Wednesday, November 10, 2010: 1:10 PM
255 F Room (Salt Palace Convention Center)
Amit Ghosh1, Huimin Zhao2 and Nathan D. Price1, (1)Chemical and Biomolecular Engineering, Institute for Genomic Biology, University of Illinois Urbana Champaign, Urbana, IL, (2)Chemical and Biomolecular Engineering, Institute for Genomic Biology, University of Illinois at Urbana-Champaign, Urbana, IL

In recent years the bio-based production of chemicals, fuels and materials has been receiving great attention. The microorganisms are isolated based on their capability to produce biochemicals that match our interest. The new field of system-based model guided metabolic engineering has emerged to generate new strains with improved productivity of biochemicals.

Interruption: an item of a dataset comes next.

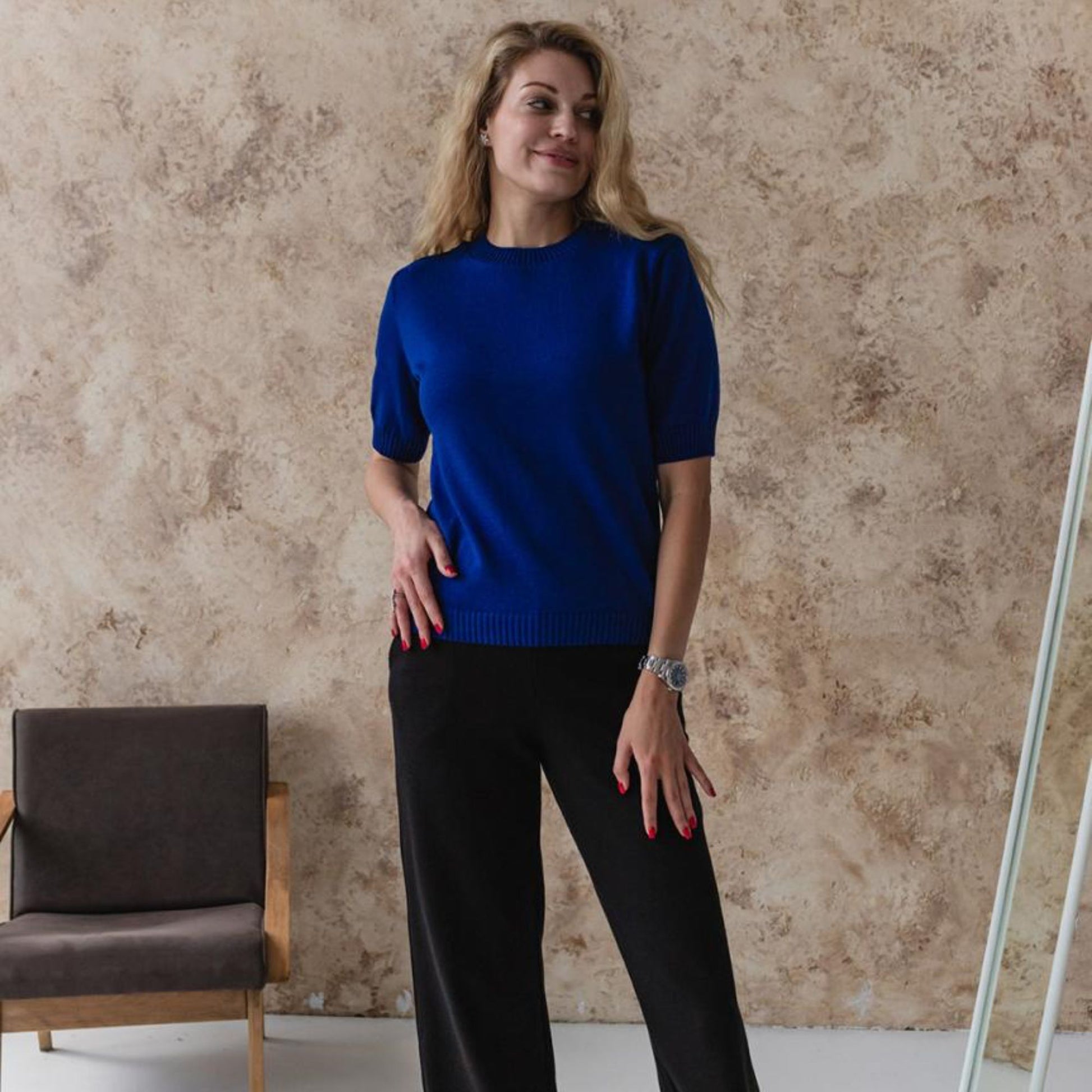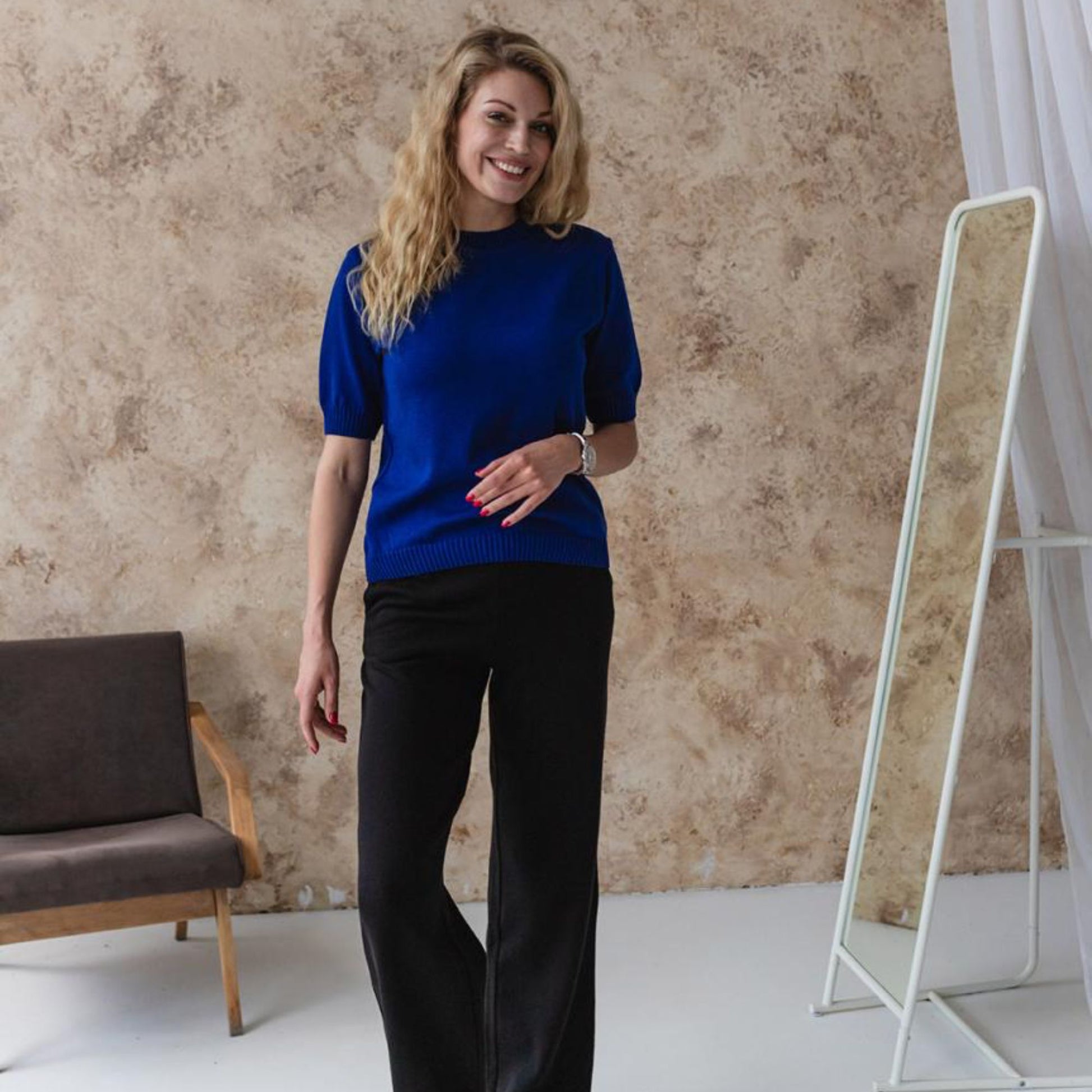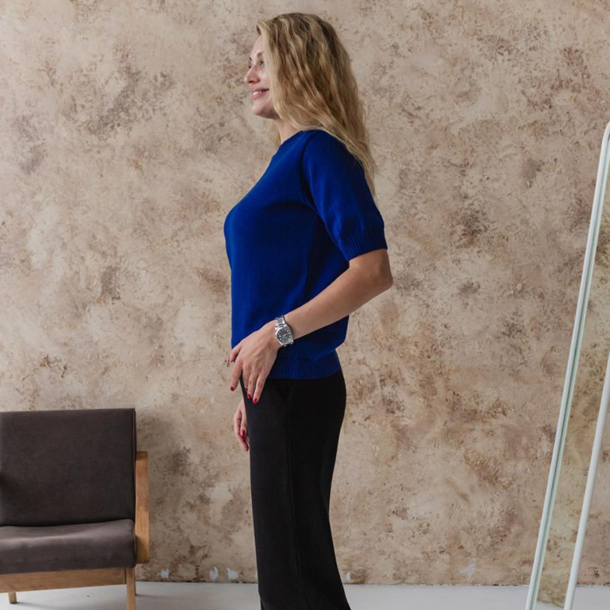 The blue knitted T-shirt is a fresh and versatile wardrobe piece, crafted from a soft cotton blend (50% cotton, 50% acrylic). Lightweight, breathable, and skin-friendly, it feels pleasant to wear all day and is perfect for warm weather. Its minimalist short-sleeve design pairs effortlessly with jeans, skirts, or trousers, making it easy to style for both casual and chic outfits.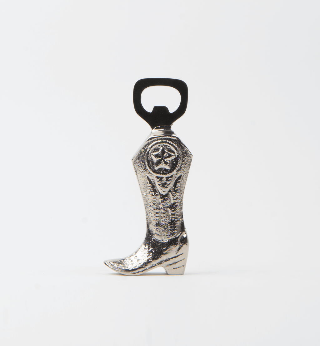 A nickel etched cowboy boot bottle opener is a unique and stylish way to open your favorite beverages. The bottle opener is made of nickel, which is a durable and corrosion-resistant metal. The boot design is etched into the nickel, which gives the bottle opener a Western flair. The bottle opener is easy to use. Simply place the bottle opener over the cap of your beverage and push down. The cap will pop off easily. The bottle opener is also easy to grip, thanks to the boot design. The nickel etched cowboy boot bottle opener is a great gift for any cowboy or cowgirl. It is also a great addition to any home bar or man cave. 6" | Handmade using sustainable materials | Made in India

Using metabolic networks, various gene deletion strategies are employed for improving the performance of the strain. Currently available computational methods for metabolic engineering are based on gene deletions and do not generally include the transcriptional regulatory networks that control metabolism. Thus, computational designs based on gene deletions can sometimes result in significant error in prediction. Using our new method Probabilistic Regulation of Metabolism (PROM), we constructed the genome-scale integrated metabolic-regulatory model for S. cerevisiae. The one to one mapping between transcription factor genes and metabolic genes are based on interaction probability obtained from high-throughput data. The integrated regulatory and metabolic model predicts the growth phenotypes of high-throughput knockout in good agreement with experimental data. The integrated model has been used for ethanol production in S. cerevisiae, and optimization strategies can be applied for improvement of other biochemicals based on genetic modifications of metabolic or regulatory genes.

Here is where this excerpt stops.